Bhavish Aggarwal, Founder and CEO, Ola in a fireside chat with YourStory Founder and CEO Shradha Sharma

The growth and evolution of Ola, Bhavish says, came about in three phases: the first during 2011-2014, which he termed as the ‘romantic struggle’ phase where “Paisa nahi tha, log nahi the, tension bhi nahi tha” (no money, no people, no tension); the second during 2014-2017, which he termed as the ‘crazy scale-up’ phase, and; the third during 2017-2019, which he believes is ‘managing the scale’ phase.





In a rare interview, Founder and CEO of Cred Kunal Shah, spoke about a range of topics from the maturing Indian startup ecosystem to Indian economy to his idea of building an engaged community of high-trust individuals.


His nine-month-old second startup Cred was in the news recently for having raised close to $120 million (approx.
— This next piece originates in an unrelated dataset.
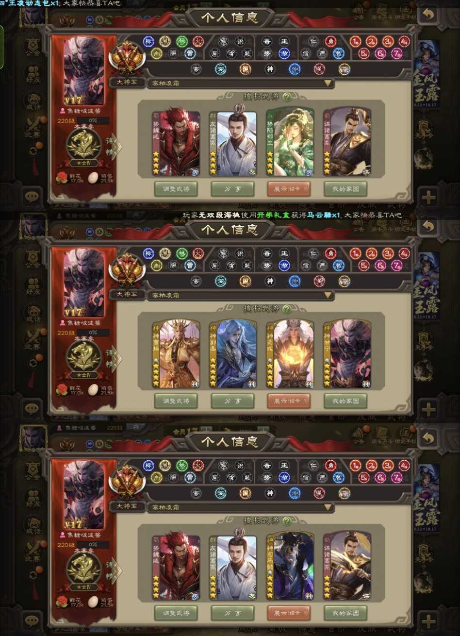 手气卡充足/90ss/势魏延/势陆郁生/友诸葛亮/至臻十常侍/回廊神甘宁/曹髦

Rs 861.39 crores) as a part of its Series B round led by fintech fund Ribbit Capital, Gemini Investments, as well as existing investor Sequoia Capital (through its fund, SCI Investments V).


Kunal Shah, CRED

Cred is a members-only app, which incentivises customers and gives exclusive rewards for paying credit card bills in a timely manner.


A seasoned entrepreneur, who has witnessed the unfolding of the Indian startup ecosystem from its early days, Kunal is on to his second startup that made news even before he launched it. As he himself notes on his observation of the Indian startup ecosystem,

“We are now witnessing a wave of second-time and third-time entrepreneurs and that is going to be powerful.”